普通の社会にフィットインできない子供たちがそれぞれ独自の才能を生かして悪と戦う、というプロットだけでなく、ユニークな登場人物や謎解きの楽しさなどが詰まっています。ハリー・ポッターほどではありませんが、根底にちゃんとした社会哲学があります。大人のハリー・ポッターファンには物足りなさを感じるかもしれませんが、謎解きや冒険、友情などポッターファンの子供たちには喜ばれる要素がそろっています。

●読みやすさ ★★★☆☆
基本的には簡単な英語ですが、500ページ以上の長編というのが問題かもしれません。また、ストーリーだけを追いたい方には、展開がスローすぎるように思えるでしょう。でも、長いがゆえに通常の児童書よりも大人にとっては読み応えがある内容になっていることも確かです。
すでに薄い児童書やヤングアダルト(なぜかたいていYAのほうが9-12歳向け児童書よりも英語は簡単)に慣れている方で、大人の作品に移る前の段階の方におすすめです。

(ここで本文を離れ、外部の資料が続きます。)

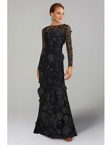 Abiti da sposa per ospiti in spiaggia con applicazioni in pizzo ricamato nero abiti formali semi-formali tubino colonna girocollo manica lunga lunghezza da terra tulle abiti da sposa

また、幼いお子さんと一緒に英語を勉強しているご両親におすすめの書です。
もし私の娘がまだ幼かったら、きっと私は声に出して読み、途中で「(登場人物の子供たちが)どうやって解決すると思う?」とたずねたり、「どういうシチュエーションなのかわかる?絵に描いてみようか」と提言して、彼女に能動的な参加をさせたと思います。なんせ、Kids Power!が魅力の本ですから。その後で読み進め、予測が正しかったか間違っていたかを親子で語り合えるのも楽しみになるでしょう。

●アダルト度 ☆☆☆☆☆
悪人も出てきますが、ハリー・ポッターのような怖さは感じません。
ハッピーエンドですから、安心して読めます。